La bonne gestion du sol peut vite devenir un casse-tête dans la construction. Préserver les ressources, revaloriser les terres excavées ou encore réhabiliter des zones clés figurent parmi les principaux défis à relever. En Valais, les entreprises sont confrontées à un manque de solutions et d’encadrement pour pouvoir appliquer toutes les bonnes pratiques recommandées.

Que faire des terres d’excavation ? C’est la question que tous les entrepreneurs se posent dans le cadre de leur activité de construction. Car en Valais, force est de constater que les entreprises se retrouvent quelque peu livrées à elles-mêmes pour résoudre une problématique qui, dans le cadre des législations en vigueur actuellement, est devenue particulièrement complexe, pour ne pas dire incompatible avec la réalité du terrain.
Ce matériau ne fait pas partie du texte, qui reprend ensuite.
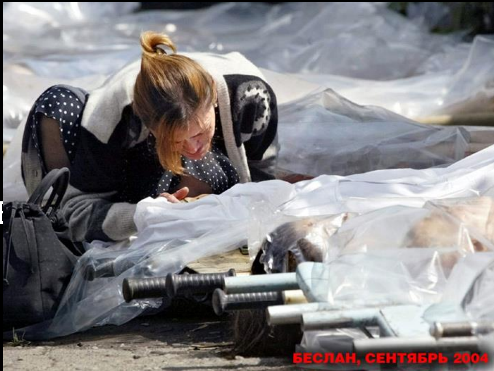
БЕСЛАН, СЕНТЯБРЬ 2004

« Le cadre juridique prévu par le Canton s’appuie sur la réglementation fédérale, qui stipule que les surfaces agricoles et naturelles doivent être conservées intactes », rappelle le Président de l’AVE Gaëtan Reynard. « Il y a quelques années, nous avions initié une proposition de mise à l’enquête pour la réhabilitation des zones agricoles. Une démarche qui, si elle avait abouti, nous aurait permis de mieux suivre et encadrer les pratiques des entreprises et des acteurs agricoles, notamment en favorisant le suivi de la terre excavée et sa revalorisation sur des sites clés. »

Passivité politique

Entre le peu de réactivité et d’écoute des autorités politiques et l’absence de législations réalistes qui en découle, sans compter le manque de pesée d’intérêts entre diverses injonctions réglementaires parfois contradictoires, les entreprises sont contraintes de se débrouiller un peu comme elles le peuvent. Une situation opaque qui, à terme, engendre aussi son lot de complications, voire de dérives, au détriment des entrepreneurs.
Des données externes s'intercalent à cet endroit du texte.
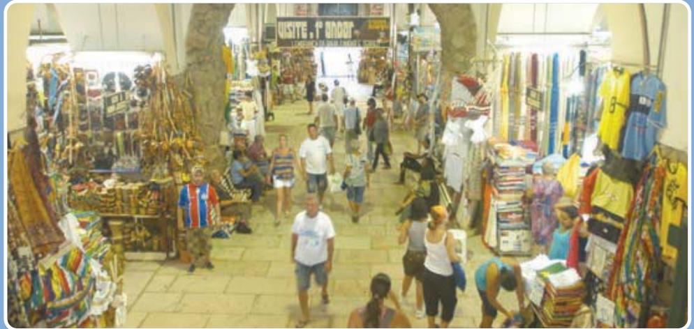
As intervenções físicas vão melhorar as estruturas do centro comercial, que ganhará também um espaço cultural

As demais etapas estão sendo executadas por técnicos da Empresa Salvador Turismo (Saltur), órgão ligado à secretaria, através de pesquisas, análises e estudo de viabilidade de projetos para melhoramento e organização da área.
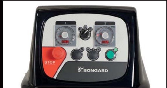
Commande électromécanique pour les modèles 50 et 70

« Aujourd’hui, les entreprises se trouvent face à des défis insolubles et payent au prix fort le manque de possibilités ou de lieux de stockage temporaire ou définitif. », ajoute Gaëtan Reynard. « Il est absolument essentiel que nous puissions nous doter d’un cadre légal clair, tenant à la fois compte de la réalité du terrain, des besoins de chacun ainsi que des objectifs louables de valorisation et de préservation. Cela éviterait des dérives et contribuerait à une transparence des pratiques. Une réglementation revue et cohérente contribuerait également à la réhabilitation des zones agricoles, appelée des voeux des agriculteurs eux-mêmes. Une solution qui réduirait d’ailleurs les volumes de terre à acheminer en décharge tout en les insérant dans un circuit de véritable revalorisation. C’est ence sens que nous unissons nos efforts pour agir tant au niveau cantonal dans une constante recherche de dialogue avec l’administration, que fédéral, en sensibilisant notamment des élus fédéraux.

Terres excavées, quid de leur revalorisation ?
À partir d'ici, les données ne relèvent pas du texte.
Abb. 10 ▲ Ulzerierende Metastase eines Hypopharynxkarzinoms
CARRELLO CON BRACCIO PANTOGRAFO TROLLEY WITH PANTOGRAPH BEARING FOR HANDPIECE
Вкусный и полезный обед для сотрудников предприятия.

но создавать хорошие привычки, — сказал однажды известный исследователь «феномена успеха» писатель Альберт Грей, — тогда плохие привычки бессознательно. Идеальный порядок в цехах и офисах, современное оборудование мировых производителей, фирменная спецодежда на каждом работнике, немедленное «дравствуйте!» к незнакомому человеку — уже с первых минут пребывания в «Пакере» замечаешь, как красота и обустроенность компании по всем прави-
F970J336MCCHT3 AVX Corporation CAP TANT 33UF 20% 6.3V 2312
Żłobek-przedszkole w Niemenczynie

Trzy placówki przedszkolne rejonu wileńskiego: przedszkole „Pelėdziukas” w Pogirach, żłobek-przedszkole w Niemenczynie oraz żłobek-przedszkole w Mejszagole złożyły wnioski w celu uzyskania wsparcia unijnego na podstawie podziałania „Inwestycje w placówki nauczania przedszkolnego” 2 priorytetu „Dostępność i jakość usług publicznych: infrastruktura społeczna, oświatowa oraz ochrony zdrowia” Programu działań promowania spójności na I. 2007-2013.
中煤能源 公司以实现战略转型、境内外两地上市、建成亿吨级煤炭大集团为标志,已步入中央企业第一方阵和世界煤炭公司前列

En théorie, une fois excavés, les matériaux qui constituent les couches du sol devraient être triés en trois parties, les horizons terreux A et B, que l’on trouve dans les premières dizaines de centimètres en creusant, ainsi que les matériaux résiduels du sous-sol ( horizon C ), constitués de sable, de gravier, de schistes et d’autres matériaux, dont certaines fractions intéressent les constructeurs, par exemple pour produire plus tard du béton.

Seulement, ce processus de tri nécessite d’une part des places de stockage temporaires, et d’autre part des places de stockage définitives ( décharges type A ) pour les matériaux non revalorisables. L’entreposage provisoire des matériaux terreux ne devant idéalement pas constituer des tas de plus de 2m50 de hauteur afin de ne pas compresser les couches A et B pour éviter de réduire leurs qualités organiques. Mais sur les chantiers, la place manque pour ce genre d’opérations. Ce qui débouche sur la problématique suivante : le manque de décharges et de places de stockage.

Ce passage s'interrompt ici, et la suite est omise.